When the God who created you is speaking to your soul, giving you a stern talking to about your life choices, when he’s doing that and you know it, you can’t turn your back. Now that I was sure it was him I was hearing, I was ready to have it out. I had waited for this conversation – waited to hear from him, to know that my prayer and desperation wasn’t bouncing off clouded ceiling. I thought, You know why, God? Because you gave me dreams. You gave me these things in my heart that I’ve wanted so badly for YEARS. And I’m just sitting here alone on my kitchen floor crying. Again.
I answered, “Because I want someone to love me and hold my hand.”
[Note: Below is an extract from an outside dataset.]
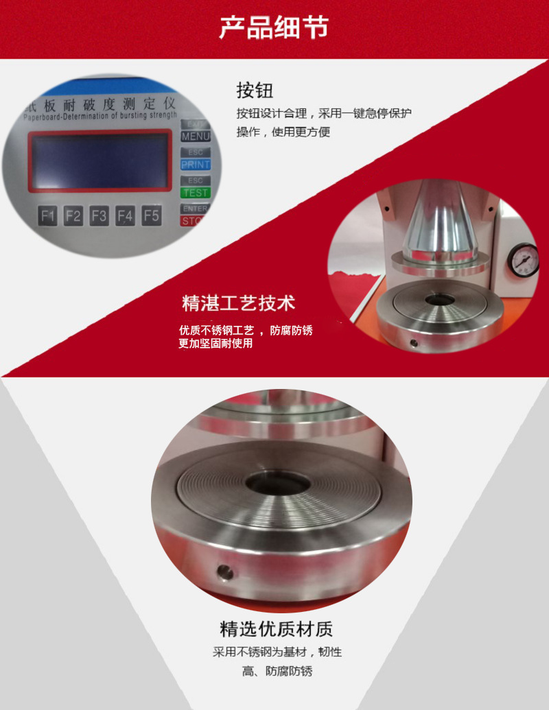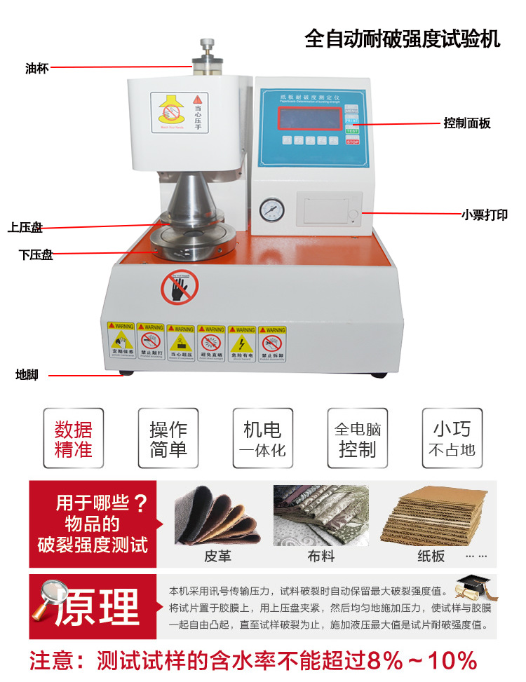 采用液压递增法原理,使用先进的微电脑检测控制系统和数字信号处理技术测定纸板耐破度,合 ISO 2759《纸板耐破度的测定》、和GB/T1539《纸板的测定法》标准,适用各类纸板及皮革、布皮革等耐破强度试验。全自动破裂强度试验机是测试纸箱纸板的破裂强度值,采用数字显示压力,在试料破裂时,自动保留大破裂强度值,同时可趋势打印检测结果。破裂强度试验机的指示方式为数位式,容量为0-100kg/cm2。破裂强度试验机广泛的适用于

Something Christian people like to say to middle school/high school/college girls when they’re longing for a boyfriend or a husband is something along the lines of, “God is the only man you need.” Maybe they say it to guys too – that he’s the only relationship you need. So we hang on to that for a little while but then it turns stale because if you’re like me, you want a hug – a very real, warm hug from a man who will kiss your forehead and tell you you’re beautiful. Your friends seem to be finding that, no problem. Some of them aren’t even Christians, God, so how dare you give that to them before me. I’m on your team, God!
I DO LOVE YOU.
We hear that from the time we are three years old in preschool. “Jesus loves me / This I know / For the Bible tells me so.” It does say that. If you’ve read even a few pages, ‘God is love’ is the whole story, the prologue and the epilogue. It occurred to me the other day we should never really tire of what the Bible has to say because every time you open it it’s like you’re sitting down with God and saying to him, “Tell me again the story of how much you love me.”
I know this is true in my head, but the distance between my head and my heart was vast in those moments and so I had the gall to say back to God right there in my kitchen,
“And that’s it? No one else will ever love me?”
Love personified is offering us himself and often we’re scoffing in the corner. I might as well have said, “You’re not enough, God. You’re not enough.” At least it would have been more honest. I wanted more than just Love reaching down from heaven. I’ll have what she’s having, I found myself thinking about my friends who were married and having babies. About my friends and sisters and cousins and seemingly everyone getting all the things I wanted for so long. Like I had any idea what I was really asking in those moments.
WHY AREN’T YOU SATISFIED WITH ME?
Yes, God, you already asked me that, thank you. I’m not sure if you remember or not. We’ve all been down this road before. He asks us to find satisfaction in him and we go ahead and try to find it in relationships, career, sex, money, fame, addictions – all of these things that only ever lead to our own destruction and we know he’ll find us at the end of that road. Waiting. Ready to ask again and again. He’s like that for some reason.
So I give up.
“I don’t know…” I said, sitting there in my kitchen.
I don’t know, God. I don’t know but I want to know. I want to believe that you’re the better my soul, our souls, long for. I want to know for sure in my heart that even if none of my dreams for myself come true that ultimately having you is better. You’re the goal. You’re the main event. All we ever do should only be to that aim. More Jesus, please.
So why isn’t it enough? More Jesus should be more than enough no matter what brought me to that end. But, if I’m honest, the better I want, the better I’m perpetually waiting for is a new, better boyfriend/spouse, I want a better house, a better job, a better family. I want the redemption story. I want the Joseph-gets-out-of-jail moment so I can really stick it to whoever wronged me and shout, “See! This is why all of that happened.” Mascara-stained white pillow cases attest to the fact that I’ve been crying out for that better for years.
So I had a conversation with God a while back. He came to me right there in my kitchen. We had it out for a bit because of who I am and who he is in spite of me. I know I’ll need the lesson again. We seem to be pretty dense, the whole lot of us, humanity. We need reminders and do-overs. Luckily for us, all of us,
“…but where sin increased, grace abounded all the more…”
There’s a better our busted souls can cling to. More Jesus, please.